▶ [PROBLEM TO SOLVE]: Beginning at the line that holds "三天的培訓(xùn),時(s", repeat every line through the last line of the material, exactly, and drop any pictures.
Start of GIVEN INFORMATION
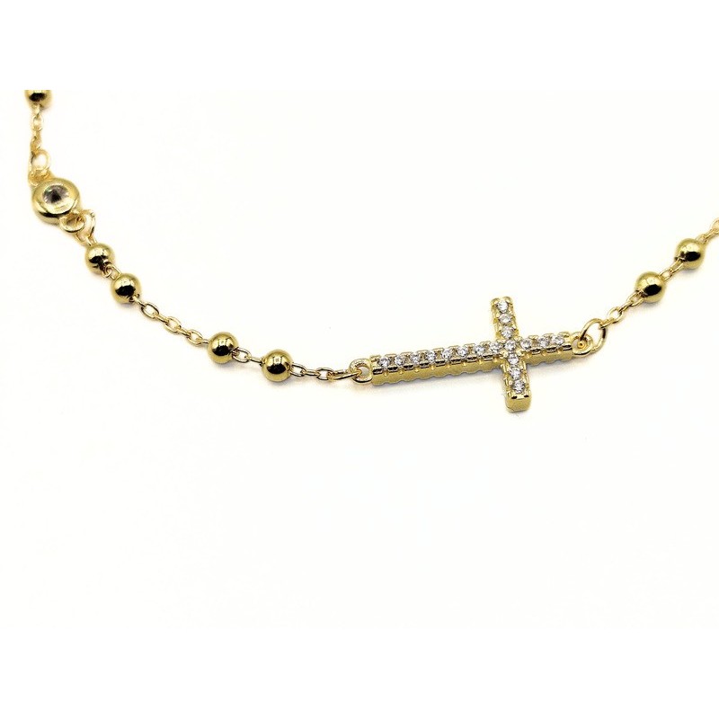 BR.ROSARIO CON CROCE IN ARG. E ZIRCONI MOD. B0197 [609311ee]
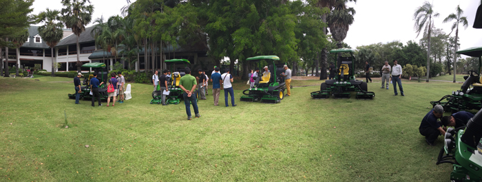 三天的培訓(xùn),時(shí)間安排緊湊有序,每天早晨七點(diǎn)準(zhǔn)時(shí)乘車出發(fā)去培訓(xùn)地點(diǎn)。前兩天培訓(xùn)安排在Lakewood高爾夫球場,最后一天的服務(wù)培訓(xùn)則安排在迪爾培訓(xùn)中心。首先從A系列最先進(jìn)技術(shù)Tech-control系統(tǒng)開始模擬操作學(xué)習(xí),通過顯示屏操控、設(shè)定、了解整車的運(yùn)行、剪草、維修、診斷等功能。Tech-control可視界面,具備指尖控制功能,不僅有助于實(shí)現(xiàn)出色的剪草效果,還可提高機(jī)器的工作效率。然后我們分組圍繞機(jī)器,進(jìn)行最直觀的實(shí)機(jī)學(xué)習(xí)和討論,在輔導(dǎo)老師的提示下,識別并列出每款A(yù)系列機(jī)器的新增功能、改進(jìn)及變化之處。之后老師通過一張張機(jī)器部位卡片和實(shí)際部件,清晰明了地講解每個(gè)機(jī)型的每個(gè)改進(jìn)部位,不僅讓銷售人員們對機(jī)器的部件有更加清楚地認(rèn)知,而且對部件的位置、形狀和區(qū)別,都有了深刻的印象,值得我們學(xué)習(xí)借鑒。最后根據(jù)這兩天的學(xué)習(xí),每個(gè)人都親自上車實(shí)機(jī)演示,上車前設(shè)置好剪草、運(yùn)輸、轉(zhuǎn)彎速度,手指輕按Tech-control操作平臺按鈕,即可感受自動巡航功能帶來的前所未有的操作員感受。通過課堂理論的學(xué)習(xí),以及室外場地的實(shí)機(jī)操作,使我們對A系列的新產(chǎn)品了解的更加透徹。在總結(jié)會上,老師準(zhǔn)備了很多A系列新功能的小標(biāo)題,通過游戲傳球的方式,讓大家利用小標(biāo)題展開話題進(jìn)行講解,課堂氣氛生動活潑,學(xué)員參與話題積極踴躍,而李國強(qiáng)對7200A在球場意外停機(jī)處理辦法的細(xì)致全面的講解,贏得了學(xué)員們熱烈的掌聲。
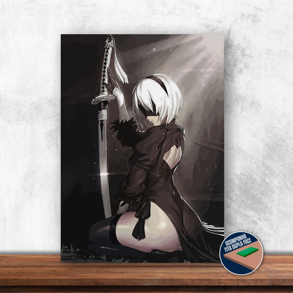 QUADRO DECORATIVO 2B BLACK & WHITE EM MDF | 28X20CM | Casa, sala, quarto, GAMES, NIER AUTOMATA | PROMOÇÃO
End of GIVEN INFORMATION
▶ [EXPECTED ANSWER]:
 三天的培訓(xùn),時(shí)間安排緊湊有序,每天早晨七點(diǎn)準(zhǔn)時(shí)乘車出發(fā)去培訓(xùn)地點(diǎn)。前兩天培訓(xùn)安排在Lakewood高爾夫球場,最后一天的服務(wù)培訓(xùn)則安排在迪爾培訓(xùn)中心。首先從A系列最先進(jìn)技術(shù)Tech-control系統(tǒng)開始模擬操作學(xué)習(xí),通過顯示屏操控、設(shè)定、了解整車的運(yùn)行、剪草、維修、診斷等功能。Tech-control可視界面,具備指尖控制功能,不僅有助于實(shí)現(xiàn)出色的剪草效果,還可提高機(jī)器的工作效率。然后我們分組圍繞機(jī)器,進(jìn)行最直觀的實(shí)機(jī)學(xué)習(xí)和討論,在輔導(dǎo)老師的提示下,識別并列出每款A(yù)系列機(jī)器的新增功能、改進(jìn)及變化之處。之后老師通過一張張機(jī)器部位卡片和實(shí)際部件,清晰明了地講解每個(gè)機(jī)型的每個(gè)改進(jìn)部位,不僅讓銷售人員們對機(jī)器的部件有更加清楚地認(rèn)知,而且對部件的位置、形狀和區(qū)別,都有了深刻的印象,值得我們學(xué)習(xí)借鑒。最后根據(jù)這兩天的學(xué)習(xí),每個(gè)人都親自上車實(shí)機(jī)演示,上車前設(shè)置好剪草、運(yùn)輸、轉(zhuǎn)彎速度,手指輕按Tech-control操作平臺按鈕,即可感受自動巡航功能帶來的前所未有的操作員感受。通過課堂理論的學(xué)習(xí),以及室外場地的實(shí)機(jī)操作,使我們對A系列的新產(chǎn)品了解的更加透徹。在總結(jié)會上,老師準(zhǔn)備了很多A系列新功能的小標(biāo)題,通過游戲傳球的方式,讓大家利用小標(biāo)題展開話題進(jìn)行講解,課堂氣氛生動活潑,學(xué)員參與話題積極踴躍,而李國強(qiáng)對7200A在球場意外停機(jī)處理辦法的細(xì)致全面的講解,贏得了學(xué)員們熱烈的掌聲。
 QUADRO DECORATIVO 2B BLACK & WHITE EM MDF | 28X20CM | Casa, sala, quarto, GAMES, NIER AUTOMATA | PROMOÇÃO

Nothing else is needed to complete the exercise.